Indeed, bucks are killed every year in rut-crazed battles over does and territory.
“The No. 1 thing people do wrong when they rattle is they’re too soft,” Bushman said. “They’re afraid to make noise. Don’t be. A real fight is loud.”
Having said that, however, Bushman likes to start his rattling sequences quietly. He’ll just tickle the antler tines together at first.
“That’s just in case there’s a buck laying 30 yards away in the brush that I can’t see,” he said. “If you smack your antlers together with that buck there, he’s gonna turn inside out getting out of there.”
Bushman likes to rattle 20 to 30 seconds at a time, every 15 minutes. And he’ll build his volume with each calling sequence, as he determines there are no bucks hiding out close by. At full aggressiveness and volume, Bushman will smack his antlers together, then spend a good deal of time grinding them as hard as he can. If he’s on the ground, he’ll rake nearby brush and pound the dirt.

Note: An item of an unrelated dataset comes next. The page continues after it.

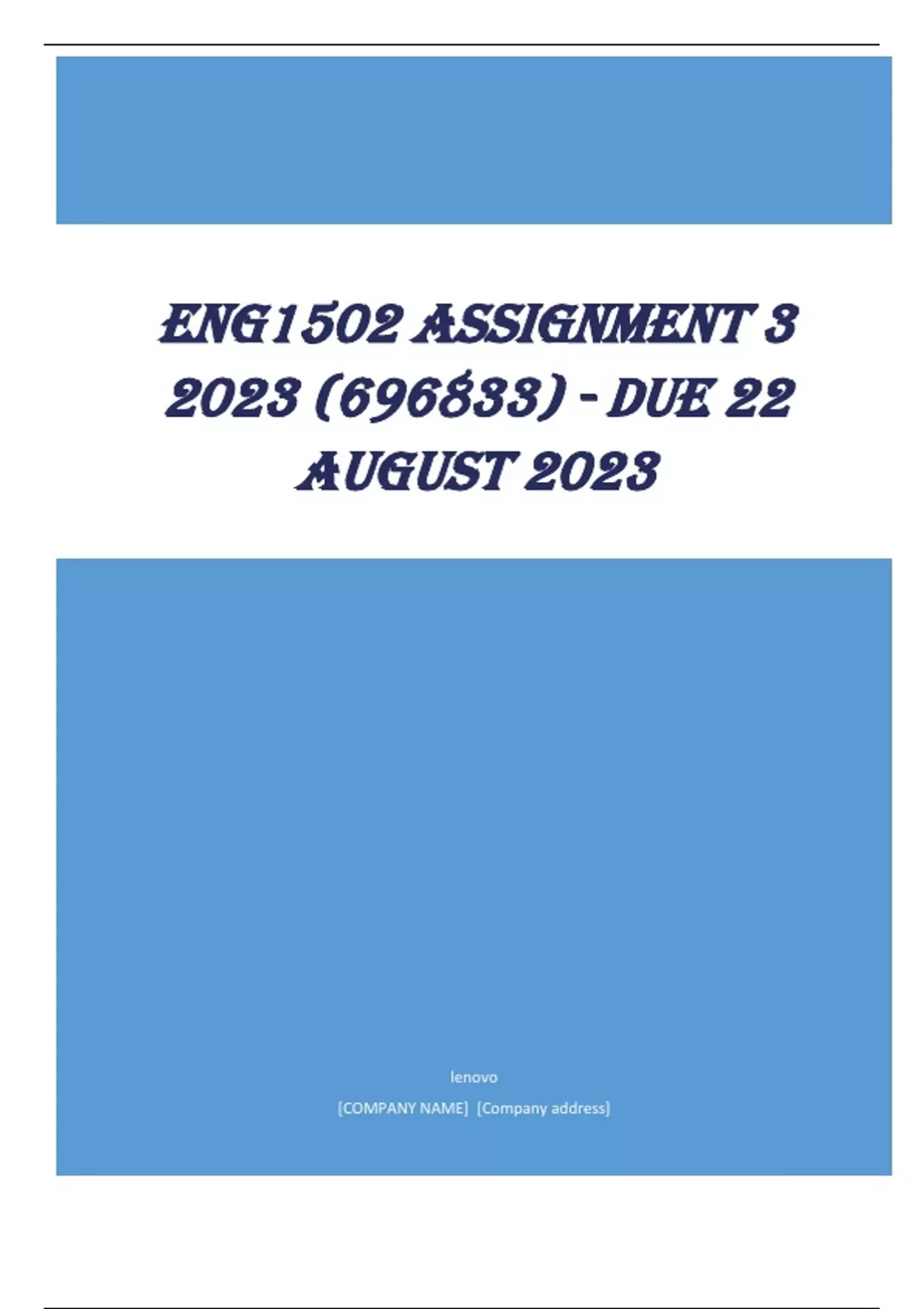 ENG1502 Assignment 3 2023 (696833) - DUE 22 August 2023
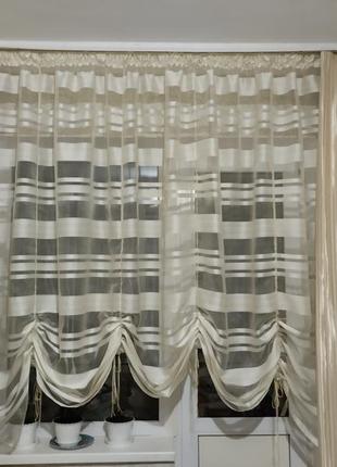 Новый оригинальный тюль. высота регулируется. на верх пришита тесьма с петлями, подойдет на любой карниз

“When you separate your antlers, do it hard,” Bushman said. “When two bucks break apart, it’s rough.”
After a sequence, it’s critical to put down the antlers, grab your bow or gun, and scan the area around your calling location, especially the downwind side.
“It seems like a lot of hunters stand around holding their antlers after a sequence, and the next thing they know, a buck’s on top of them,” Bushman said. “Get rid of those horns and get ready to shoot. Sometimes it happens fast.”
A NEW TOOL IN THE BAG
If you’ve never tried rattling before, play around with it this season and see what happens. The first time a buck approaches your stand with a stiff-legged gait, flared nostrils and hair standing up on his back, you’ll be hooked.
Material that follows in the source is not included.